Demands of Yemen & USA to extradite him rejected:Abu Hamza to be tried in UK [Archives:2004/782/Front Page]

October 18 2004

By Yemen Times & Reuters
Yemen's continuous demands to have the Muslim cleric Abu Hamza al-Masri extradited to the country for terrorist charges was rejected, as Britain will charge him with terrorist offences, also putting on hold U.S. attempts to extradite him over a 1998 hostage-taking in Yemen.
Prosecutors and police on Friday said only that a decision had been taken on whether to charge Abu Hamza.
But a source familiar with the case confirmed to Reuters that prosecutors had advised he should be charged in Britain.
The outspoken cleric, who has preached in support of Osama bin Laden, is already in British jail after the United States began legal steps to extradite him. The United States has indicted him on 11 counts including having a role in the 1998 hostage-taking in Yemen in which four people died.
The cleric, who has one eye and a steel hook after being wounded in Afghanistan fighting Soviet forces, was arrested under a U.S. warrant in May. But in August Britain launched its own probe to see whether it could mount a case against him.
A full five-day extradition hearing was due to start on October 19th but would have to be postponed until after any case raised in Britain is answered, officials have said.
Abu Hamza is wanted in Yemen on charges of being involved in terrorist activities while being based in Britain.
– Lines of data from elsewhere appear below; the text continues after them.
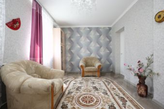 Общая площадь квартиры 52,1 м.кв. Высота потолков 2,8 м. Прихожая 6,8 м.кв. Небольшая кухня 7,2 м.кв. граничит с обеденной зоной, выделенной в смежной комнате 10,7 м.кв. Изолированные комнаты 15,3 и 8,5 м.кв.Санузел совмещенный 3,6 м.кв. Веранда 16 м.кв. Качественный современный ремонт в светлых тонах.
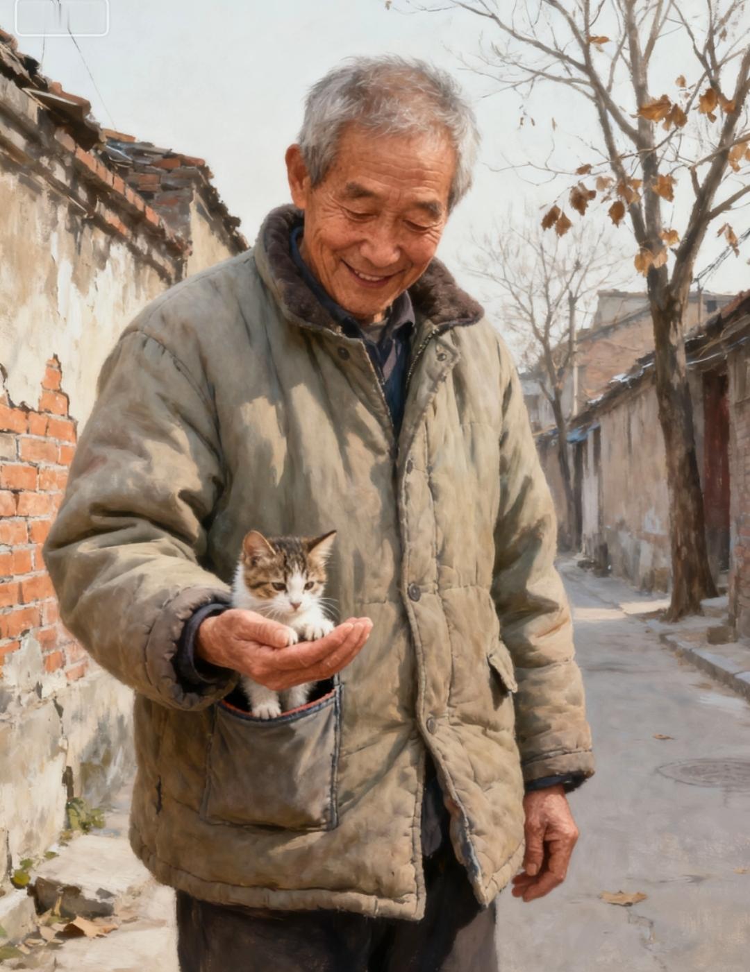 破防了!街头一幕看哭全网:老人从棉袄里掏出小猫,口袋里藏着最暖的善良 寒风中,一位头发花白的老人缓缓停下脚步,颤抖着双手拉开棉袄拉链,小心翼翼地从怀里掏出一只蜷缩的小猫——这一幕近期在街头被路人抓拍,迅速刷爆社交平台,无数网友看完直呼“破防了,这才是冬天里的光”。 画面中,老人穿着洗得发白的旧棉袄,领口和袖口都磨出了毛边。他轻轻托着小猫,布满皱纹的手掌温柔地抚摸着猫咪的脊背,嘴里还小声念叨着“不怕不怕,到家了”。据目击者透露,当时气温低至零下,这只流浪小猫在路边冻得瑟瑟发抖,老人看到后立刻脱下外套,把小猫紧紧揣进怀里,用自己的体温为它取暖。 其实这样的温暖瞬间并非个例。此前就有网友拍到,有老人用蛇皮袋背着生病的小猫去宠物医院,解开袋口时轻轻呵护的模样;还有老人从衣服内层口袋里掏出零钱,一点点喂给街头的流浪猫。他们或许生活并不富裕,穿着朴素,却愿意把仅有的温暖分给这些小生命。 老人怀里的小猫,藏着最纯粹的善良;衣服里的温度,胜过世间所有奢华。在这个快节奏的时代,这些不经意的温暖瞬间,总能戳中人们内心最柔软的地方。愿每一份善良都被温柔以待,愿每一个小生命都能被世界好好呵护。 你被这一幕打动了吗?欢迎在评论区分享你的感受。
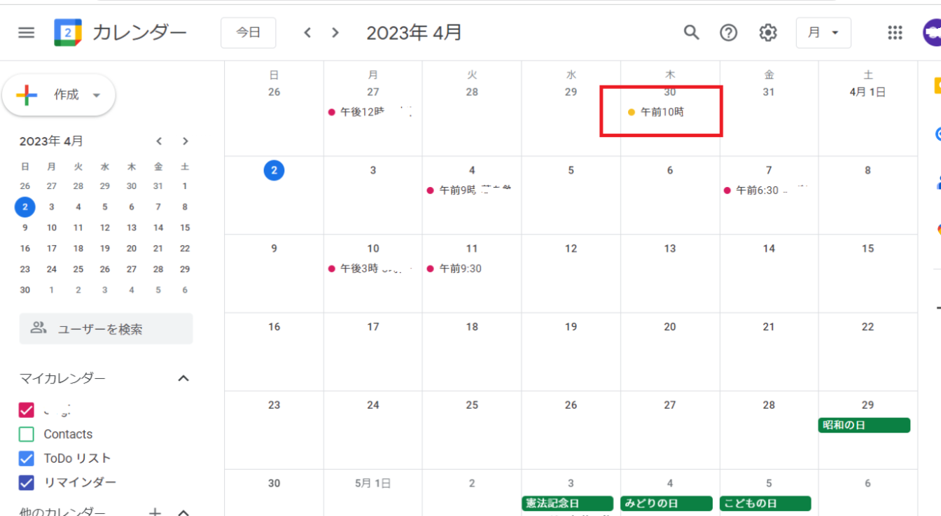 今回は、2023年3月30日の予定を色分けするので、3月30日に書いてある文字をクリックします。
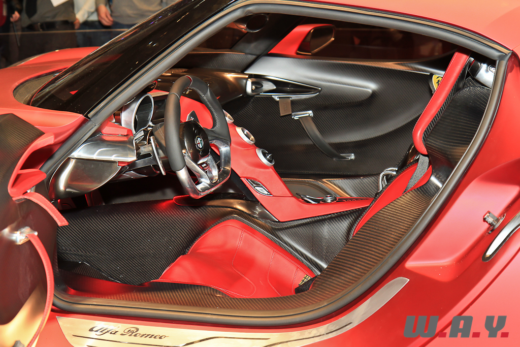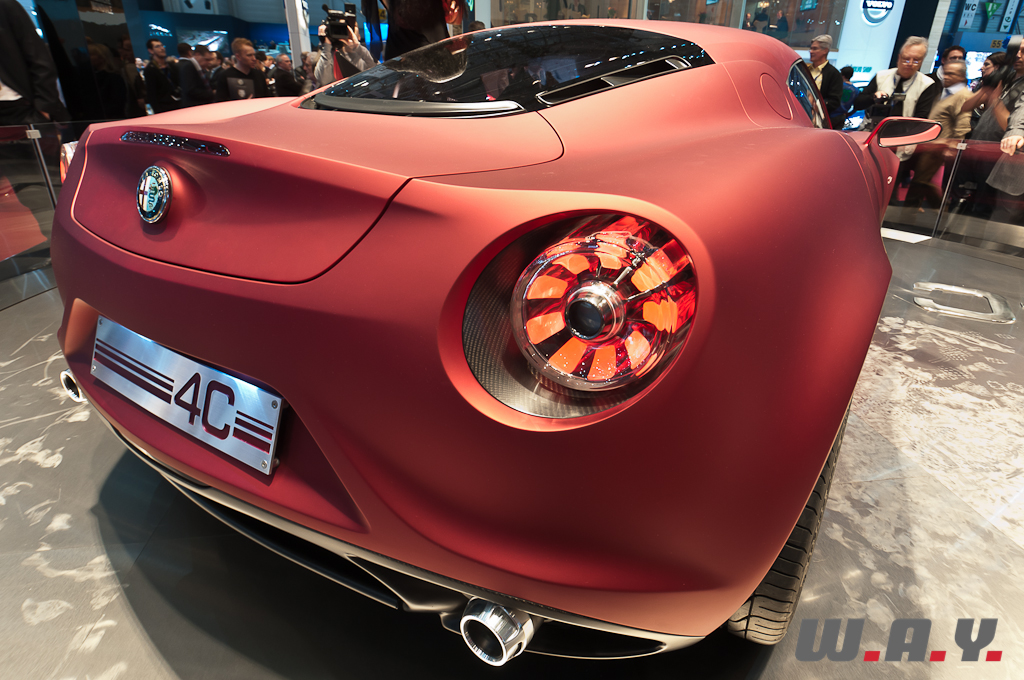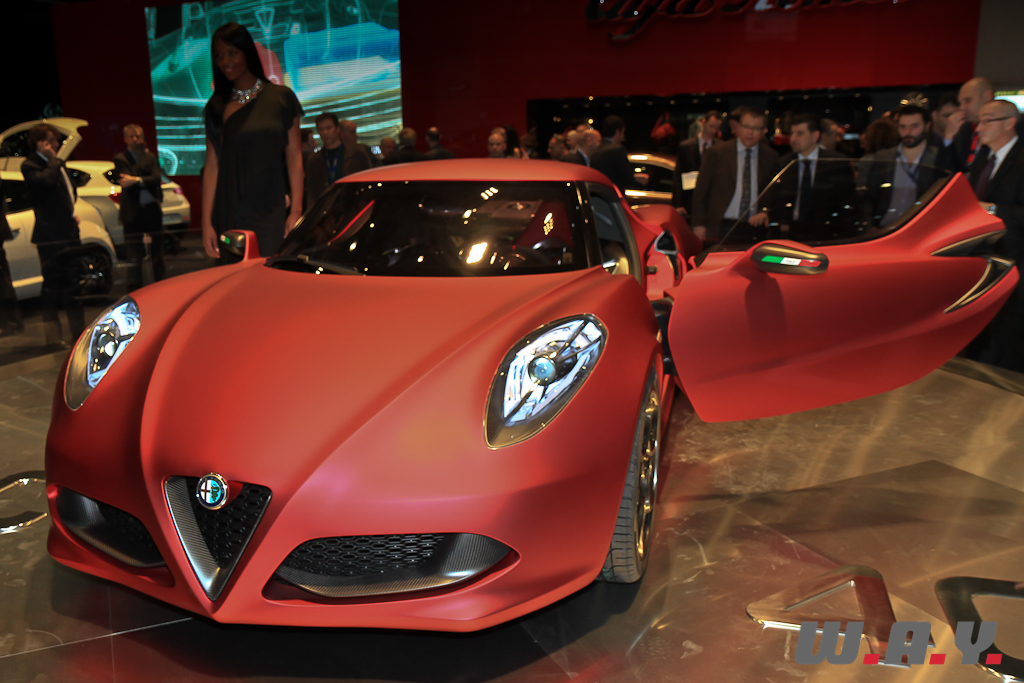 Au levé du voile, le coup de crayon semble moins réussi que pour sa grande sœur. Il faut avouer que la barre était placée haut ! Côté mécanique, ce coupé 2 places bénéficie tout de même d’attributs intéressants ! Le moteur 1.8 l. turbo à injection directe est accouplé à une boîte à double embrayage, et le sélecteur D.N.A. qui permet d’ajuster les qualités dynamiques du bolide est lui aussi de la partie. Les premières informations donnent un rapport poids/puissance inférieur à 4 kg/ch grâce à l’utilisation abondante de carbone. Le châssis dispose d’une cellule centrale en carbone et d’une crash box en aluminium, ce qui permettrait à l’auto de ne peser que 850 kg ! Le moteur développant plus de 200 cv est installé en position centrale, transmettant sa puissance aux roues arrières. Le 0 à 100 km/h est annoncé en-dessous des 5 secondes. Les qualités dynamiques ne sont pas en reste grâce à l’expérience de la 8C; la petite sportive adopte des trains roulants spécifiques qui lui permettraient de distiller un plaisir de conduire hors du commun. La dernière bonne nouvelle est que nous pourrons certainement vérifier si toutes ces promesses auront bien été tenues car l’Alfa Romeo 4C sera produite dès l’année prochaine pour un prix qui n’a pas encore été divulgué.
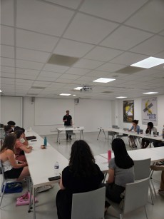 Lors de cette master class, l’artiste a ouvert un champ de réflexion autour de l’identité, thème central de sa démarche et point de départ d’une exploration sensible de notre rapport au monde. La séance s’est poursuivie par un atelier participatif mêlant introspection et jeu : à partir d’un travail sur les acronymes, chacun a été invité à se définir à l’instant T, expérimentant la fluidité d’une identité en mouvement, toujours à redéfinir.
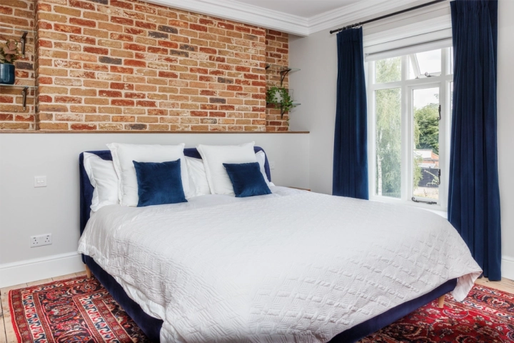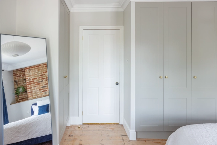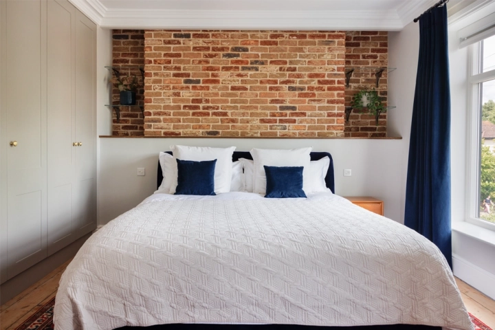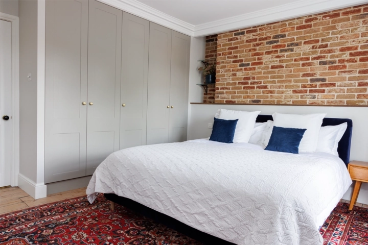 The bedroom was already a good size, and this allowed me to design fully built-in and bespoke wardrobes, with each internal space designed to my clients exact requirements. I knew there was a chimney breast behind one wall and really wanted to expose this and highlight the Victorian red brick to create a central design feature. Upon removal of the stud wall, we discovered that this was not going to be possible as the brick was not in a good enough condition and the brick did not stretch across the length of the wall as we had hoped. I therefore effectively created this look using beautiful brick slips and light lime mortar.
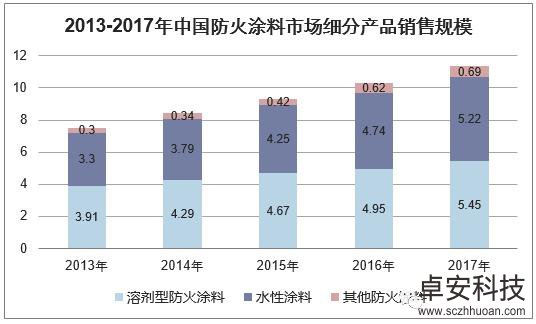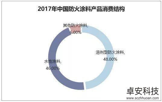 2017年我國市場上目前溶劑型防火涂料約占48%,水性涂料約占46%,其他約占6%,與西方發達國家的差距還有很大的差距。

He is believed to have participated in the kidnapping of 17 foreign tourists in Yemen six years ago. Four of the hostages were killed during a rescue attempt carried out by the Yemeni army.
British Home Secretary David Blunkett has said that Britain would not send Abu Hamza to Yemen because he could possibly face the death penalty. Britain has a ban on the death penalty and sending suspects to countries that apply capital punishment.
If Abu Hamza is extradited to the United States, he will face an 11-count indictment. Along with being connected to the kidnapping in Yemen, Abu Hamza is accused of trying to put together a terrorist training camp in Oregon in 1999. He is also accused of recruiting at least one man to an Al-Qaeda training camp in Afghanistan and providing material support to Al-Qaeda in 1999 and 2000. It is believed that Abu Hamza, who was born in Egypt as Mustafa Kamel Mustafa and holds a British passport, was the spiritual leader of Richard Reid who tried to detonate a shoe bomb on a flight from Paris to Miami in 2001. It is also believed that Abu Hamza had an association with Zacarias Moussaoui who is being tried in a US federal court on terrorist charges.
The Yemeni government had asked the British government to extradite Abu Issa Al-Hindi, also known as Bilal, for being involved in the kidnapping of foreigners in 1998. Al-Hindi was arrested by British officials as a suspected Al-Qaeda member. Yemen authorities have been searching for Al-Hindi for the last five years.
When Abu Hamza was sent to a high-security prison in London last May, the Yemeni government demanded his extradition. Director General of the Ministry of Interior Mohieddine Al-Dabi said that the government was pushing for Abu Hamza to be sent to Yemen and stand trial for his connection to the kidnappings in 1998.